In the panel discussion after the presentations often was referred to the ‘ethical’ implications of opening up or closing down a system which was an interessting discussion but in the end it seemed difficult to come to some sort of generalization because this question is different for every sort of ‘system’. I think that one of the remarks of Manuel de Landa in his introduction actually made clear how difficult it is to talk in terms of open vs closed systems because we are talking about complex levels of interactions. However the case studies made this very clear, no kind of theory came out of it.
As for the specific case of Interactive Art it is even more complex. The post-structuralist claim that the ‘meaning’ of a work of art is ‘constructed’ while the spectator is looking at (experiencing) it off course is very much present in these debates.

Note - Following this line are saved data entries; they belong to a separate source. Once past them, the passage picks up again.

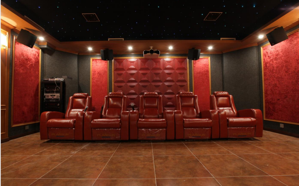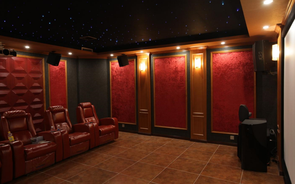 家庭影院是许多人家中的梦想,而一个完美的家庭影院需要经过细致的规划和装修,其中声学装修是其中不可或缺的一部分。 在位于京基鹭府别墅区的这间影音室中,声学处理是非常重要的一环。
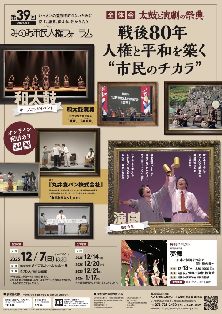 第39回「みのお市民人権フォーラム」は、統一テーマ「いっさいの差別を許さないために、話す、語る、伝える、分かち合う」に「戦後80年人権と平和を築く“市民のチカラ”」を加え、本年の全体テーマといたしました。
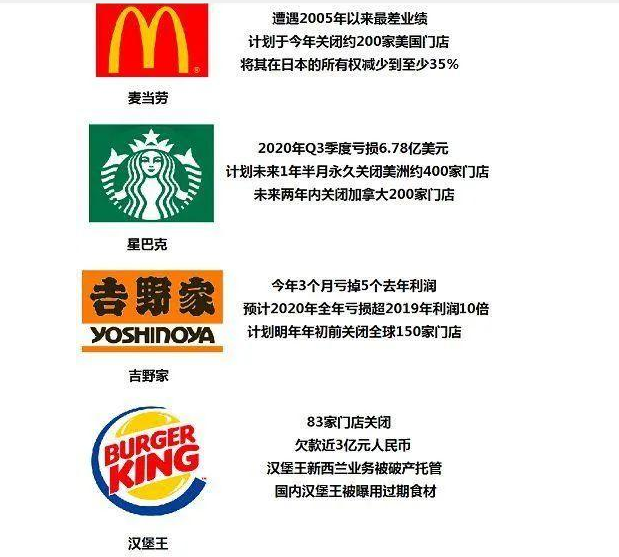 在新冠疫情的影響下,不只是吉野家關(guān)店自救,麥當(dāng)勞關(guān)店200家,星巴克關(guān)店400家……為應(yīng)對(duì)危機(jī),曾經(jīng)在全球“開疆拓土”的國(guó)際餐飲知名品牌紛紛關(guān)店。
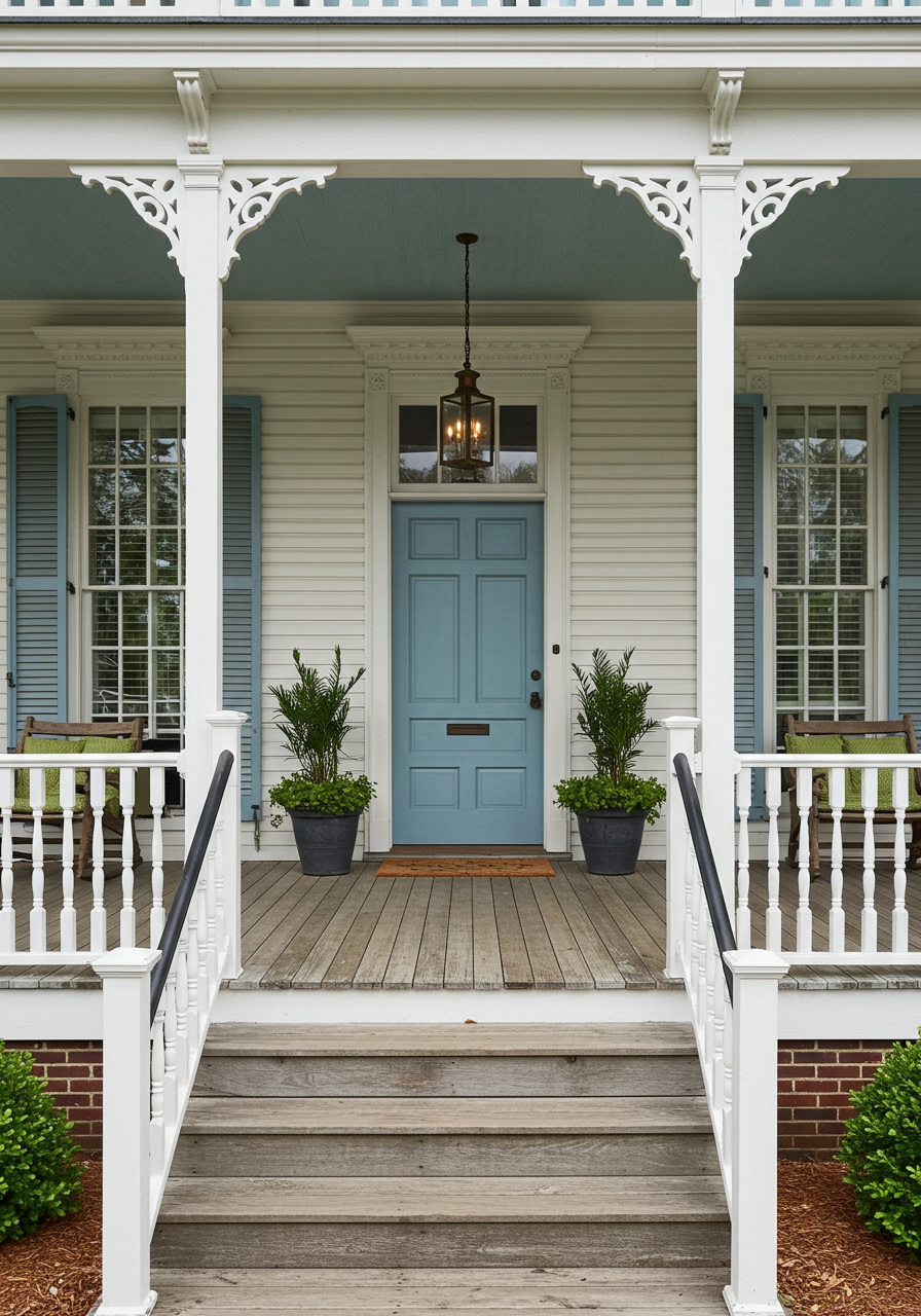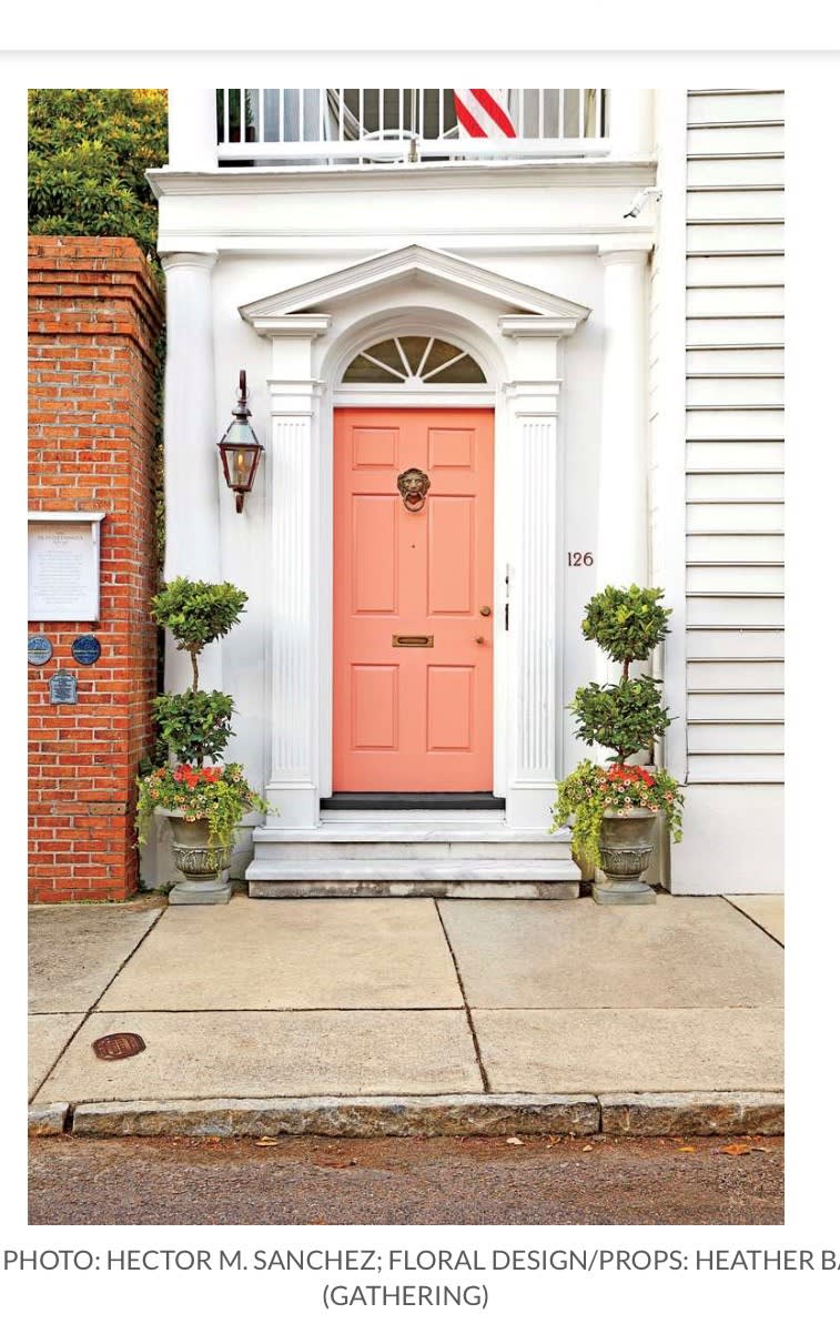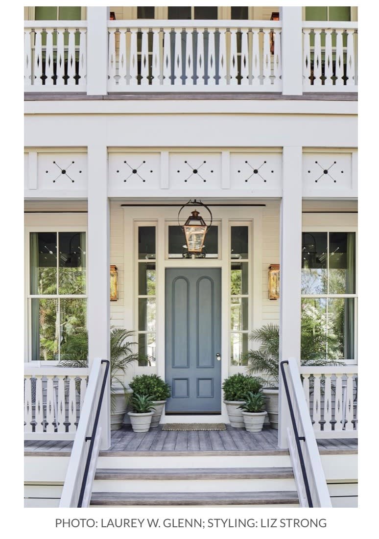 This cheerful blue looks good anywhere, especially on a white exterior or lighthearted Dutch door. It promises an instant smile from neighbors as well as curious house hunters. As a complementary balance, double up on pots. Keep the plantings equally loose and casual with baskets and mossy terra-cotta containers.
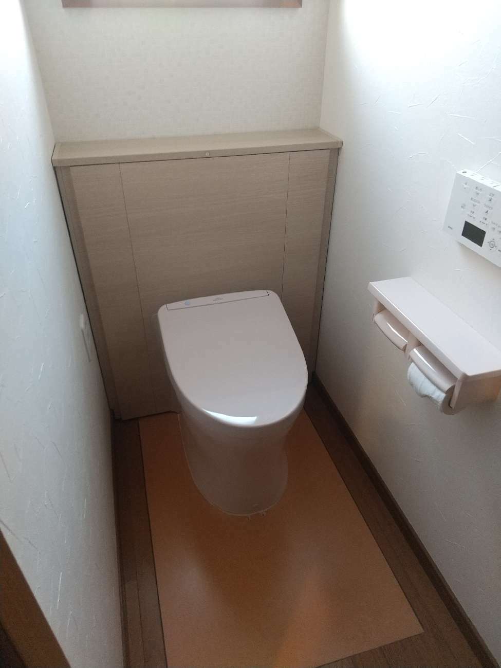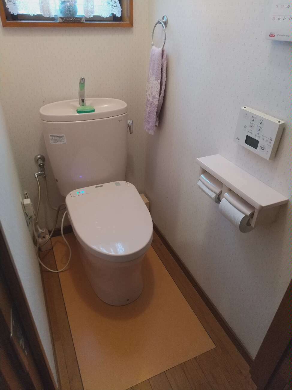 浴室工事と同時にご用命いただきました、内装仕上げの都合で2日に渡る工事となり期間中はご不便をお掛けいたしました 完成したトイレ 本当にスッキリに変身できました
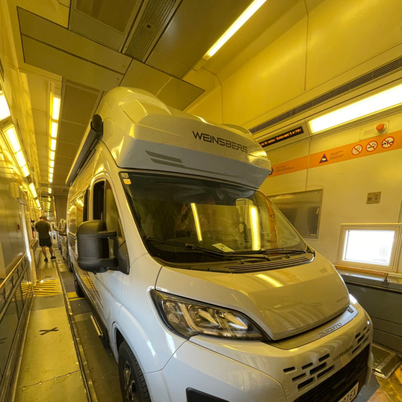 Dort checken wir für die Fahrt durch den Eurotunnel gegen Mittag ein.
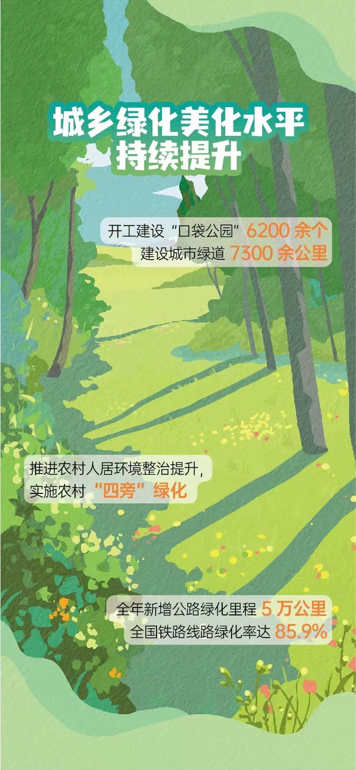 張利明介紹,過去一年,山水林田湖草沙系統(tǒng)治理取得新進(jìn)展,城鄉(xiāng)綠化美化水平持續(xù)提升。組織實(shí)施176個“雙重”工程項目、10個國土綠化示范項目。推進(jìn)實(shí)施“十四五”27個山水林田湖草沙一體化保護(hù)和修復(fù)工程項目、49個歷史遺留廢棄礦山生態(tài)修復(fù)示范工程項目。森林可持續(xù)經(jīng)營實(shí)施面積擴(kuò)大到66.7萬公頃以上。全國林草碳匯試點(diǎn)市(縣)和國有林場碳匯試點(diǎn)實(shí)施面積達(dá)6.8萬公頃。新增水土流失治理面積6.4萬平方公里。開工建設(shè)“口袋公園”6200余個,建設(shè)城市綠道7300余公里。新增公路綠化里程5萬公里,全國鐵路線路綠化率達(dá)85.9%。
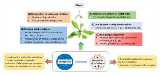 Overall, a precise understanding of these “biocontrol agents” is important for helping plants to overcome different stress conditions. Here, we summarize several critical mechanisms employed by endophytes, particularly their metabolites, that enhance host plant disease resistance. Using endophytes and their metabolites as biological control agents can be one of the most effective ways to improve crop quality, increase yields, and achieve sustainable agriculture under the premise of minimizing the harm to the environment and humans.
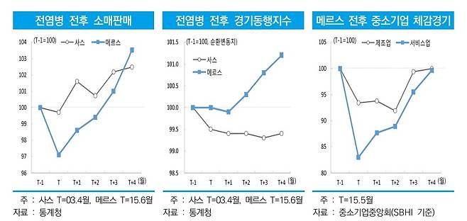 연구원은 과거 사스와 메르스 등의 사태를 참조, 코로나19 역시 확산세가 진정 국면에 접어들 경우 V자 형태의 급격한 경기 반등을 보일 것이라 전망했다. 지난 2015년 5월 국내 첫 확진자가 발생했던 메르스는 7월 신규 확진자가 발생하지 않는 등 2개월여의 확산 끝에 진정세를 맞았고, 이후 8월과 9월 사이에 급격한 경기 회복세를 보였다. 2015년 5월 83 수준까지 떨어졌던 중소기업 체감경기 지수는 8월에는 95 선을 넘었고, 9월에는 100까지 회복됐다.
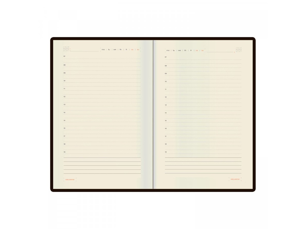 Для удобства ведения записей раздел для планирования имеет линовку с указанием времени (интервал в час) и дополнительным полем для заметок внизу каждой страницы.
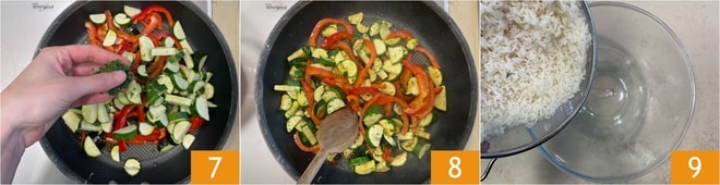 Añade también el perejil picado 7 y cocina las verduras a fuego alto durante unos minutos: no deben quedar demasiado blandas, sino todavía crujientes 8. Una vez cocido, escurre el arroz y transfiérelo a un bol grande 9.

But how is this notion different in Interactive Art than in non-Interactive Art? This is a very difficult question and I think Arjen Mulder tries to make a distinction by referring to Figurative Art as a closed system and Interactive Art as an open system, and takes this as a starting point to think about the emerging properties that might come to live in the ‘interaction’.
This same discussion comes back in the interview I did with Willem Elias (a Culture Philosopher) who didn’t agree with the fact that Figurative Art would be a closed system. I hope to present you this interview really soon (I just need to find the time to type it out ;-), so we can come back to this topic.